The 2010 exhibition was held January 7–10, 2010, and attracted more than 120,000 attendees.

Highlights include the Intel Infoscape, which is run on the Intel Core i7 processor. One computer ran two 7 ft screens, displaying 576 cubes hooked up to 20,000 information sources, including 20 live video feeds. Visitors would touch one of the cubes, and an infobox displaying that content would come forward. One journalist explained, "The graphics on the giant screens were a tons of fun to move around with their uncanny quickness and smooth motion, and the whole thing felt super responsive, Giving us a peek into the future, it seemed a lot like that computer screen in the movie Minority Report. It was the most spectacular demo we saw at CES 2010." Equally impressive, Parrot presented the first prototype of Parrot AR.Drone, a remote-controlled flying toy which streams video via WiFi to an iPhone.

Sustainable Planet grew by 40% in 2010.

==== 2011 ====
The 2011 exhibition was held from January 6 to 9, 2011. CESWEB is reporting that their pre-audit numbers show an attendance of 128,949.

Many tablets were introduced in 2011's show, such as the Motorola Xoom tablet, winning Best of Show, which runs Android Honeycomb. Many 4G phones were also unveiled at the show, including the LG Revolution, Samsung Infuse 4G, HTC Thunderbolt, Sony Ericsson Xperia Arc, Motorola CLIQ 2, Motorola Droid Bionic, and Motorola Atrix 4G. In a push towards mobile devices, Microsoft demonstrated an early version of the next release of the Windows operating system, running on ARM-based devices.

3D TVs were introduced by many giants, such as Mitsubishi's 92-inch model of its 2011 lineup of theater-sized 3D Home Cinema TVs. Toshiba also unveiled its Glasses Free 4K 3D TV prototype. Samsung announced the Plasma 3D HD TV series named D8000 and LG introduced the LED 3D TV of its Infinia Nano series.

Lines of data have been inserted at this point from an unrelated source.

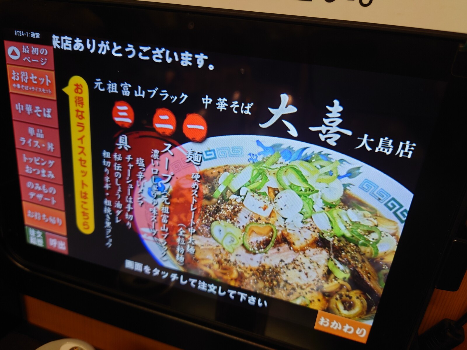 近頃、テーブルにタブレットを置いてる飲食店が増えているよね。焼肉屋さんとか蕎麦屋さんとか寿司屋さんとか・・・。この日訪れたお店も、タブレットで注文するようになってたんだよね。それは、ラーメン専門店「大喜大島店」。
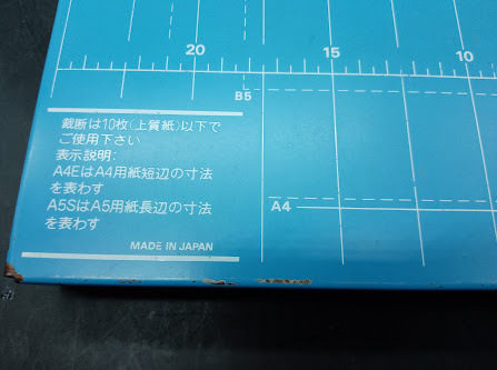 ・動作確認のためにコピー用紙を裁断し切れ味に違和感は感じませんでしたが、経年によりサビのような汚れが確認できます。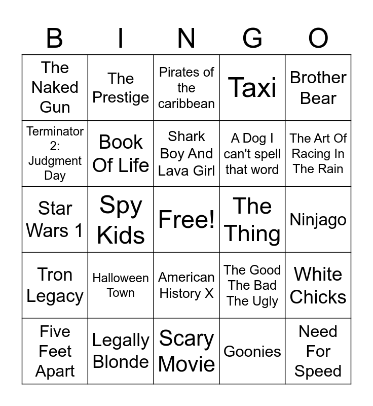 This bingo card has a free space and 24 words: Halloween Town, Legally Blonde, Shark Boy And Lava Girl, Five Feet Apart, Brother Bear, The Naked Gun, Terminator 2: Judgment Day, The Prestige, The Thing, American History X, A Dog I can't spell that word, Star Wars 1, The Good The Bad The Ugly, White Chicks, Book Of Life, Goonies, Ninjago, Pirates of the caribbean, The Art Of Racing In The Rain, Spy Kids, Need For Speed, Tron Legacy, Taxi and Scary Movie.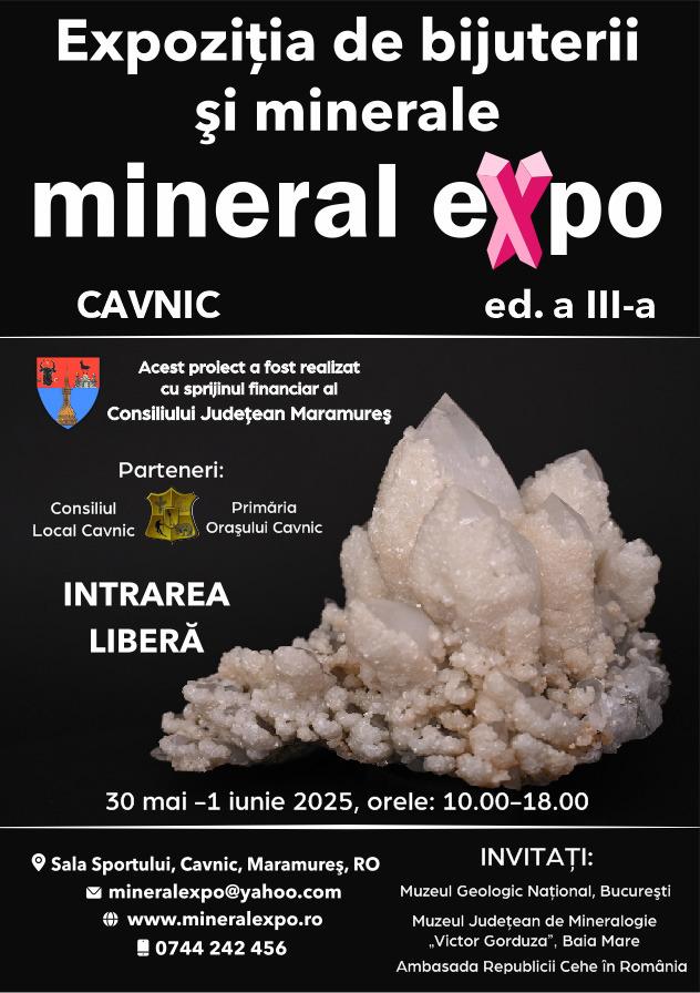Invităm toți iubitorii de frumos, pasionații de geologie și pe cei care se află în cea mai frumoasă zonă din România să treacă pragul acestui eveniment unic. „Mineral Expo Cavnic – Maramureș” este o oportunitate de a descoperi comorile subterane ale Maramureșului și de a înțelege mai bine legătura profundă dintre om și natură, se precizează într-un comunicat de presă al Asociației Mineral Expo Baia-Sprie.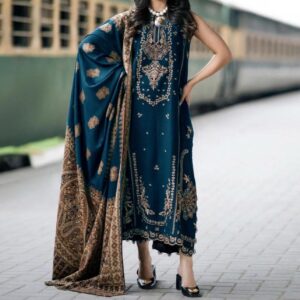 The suit is paired with a printed diamond dupatta that flows effortlessly and adds a bright contrast to the embroidery-heavy shirt. The plain trouser completes the look with balance and simplicity — giving you a flawless stitched finish for casual and festive wear alike.
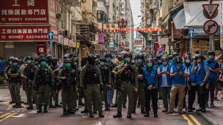 Police patrol in Hong Kong on September 6, 2020 amid protests over the government's decision to postpone elections due to coronavirus, and the national security law.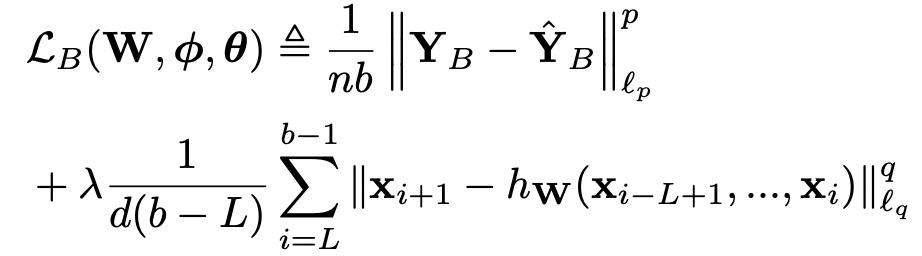 在此基礎上,Think Globally, Act Locally: A Deep Neural Network Approach to High-Dimensional Time Series Forecasting(NIPS 2019,DeepGLO)提出了使用深度學習模型對base序列正則化。模型的損失函數(shù)由兩個部分組成,公式可以表示為: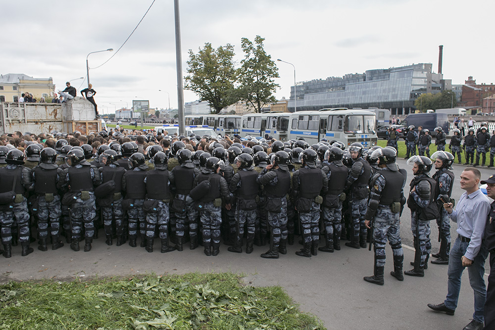 В финале акции на Пироговской набережной протестующие и журналисты, в том числе корреспонденты «Бумаги», попали в оцепление. Наш корреспондент, предъявив пресс-карту и нарукавник «Пресса», попросил выпустить его, но сотрудник ОМОНа ответил: «Найдите полицейского и обратитесь к нему. Мы не можем вас выпустить, мы ничего не решаем». На требование не мешать журналистам работать омоновцы отвечали, что они «тоже работают».

3net, a 3DTV channel co-owned by Discovery Communications, Sony, and IMAX, was previewed.

==== 2012 ====
The 2012 exhibition was held from January 8 to 13, 2012. Microsoft released an official statement saying that CES 2012 will be Microsoft's last appearance at the event. The show organizers claimed that 153,000 people attended the 2012 show, a 2% increase from the previous year and a new all-time attendance record. Intel was caught falsifying a demo of their new Ivy Bridge processors. AMD demonstrated their new Trinity APUs.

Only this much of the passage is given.